Author Topic: Linux won't edit Jonsson umlauted name (Read 24940 times)

Pecan · « **on:** May 17, 2006, 01:38:46 am »

I cannot apply a patch, or gedit, or CodeBlocks edit a file with
Jonsson's umlauted name using ubuntu brezzy.

why?

gedit says it cannot determine the coding of as_config.h et.al.
CodeBlocks shows an empty file, but shows an utf-8 status.
vim doesn't give a damn.

I had to change (using vim) the umlauted 'o' to an english 'o' to edit the file.
Then the patches worked and everyone was happy.

what gives here?

thanks
pecan

EDIT: Mac couldn't apply the patch either, but when I edited
the files by hand, it changed the umlaut to a '^' and shows ISO-8859-1 in the status bar.

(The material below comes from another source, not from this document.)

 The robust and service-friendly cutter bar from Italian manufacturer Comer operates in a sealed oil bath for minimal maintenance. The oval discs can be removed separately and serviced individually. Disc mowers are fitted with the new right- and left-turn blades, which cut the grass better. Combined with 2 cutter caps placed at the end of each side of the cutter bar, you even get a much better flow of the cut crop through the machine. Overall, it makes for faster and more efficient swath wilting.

Pecan · « **Reply #1 on:** May 17, 2006, 02:15:04 pm »

What encoding should I set for the Linux Codeblocks editor in order to edit the AngelScript files containing an umlauted 'o'?

It defaults to utf-8, but the editor shows all blanks after the umlauted 'o'.

thanks
pecan

thomas · « **Reply #2 on:** May 17, 2006, 02:32:54 pm »

We don't have Codepage/Unicode detection, unluckily. It is a quite complicated matter.

The current version of Code::Blocks uses a hack to make things work for most people, and that is simply setting the encoding to "system default". Most of the time, that happens to be the correct encoding, and it works.

If you have an idea how to determine the document encoding efficiently (or maybe even own code to do that / know a free library), please step forward

We plan to implement something similar to how web browsers do automatic document encoding detection after 1.0, i.e. build a histogram over the input file and do a statistical matching.
I don't know whether this is terribly efficient, but it should be quite failsafe.

Any better idea?

mandrav · « **Reply #3 on:** May 17, 2006, 03:06:47 pm »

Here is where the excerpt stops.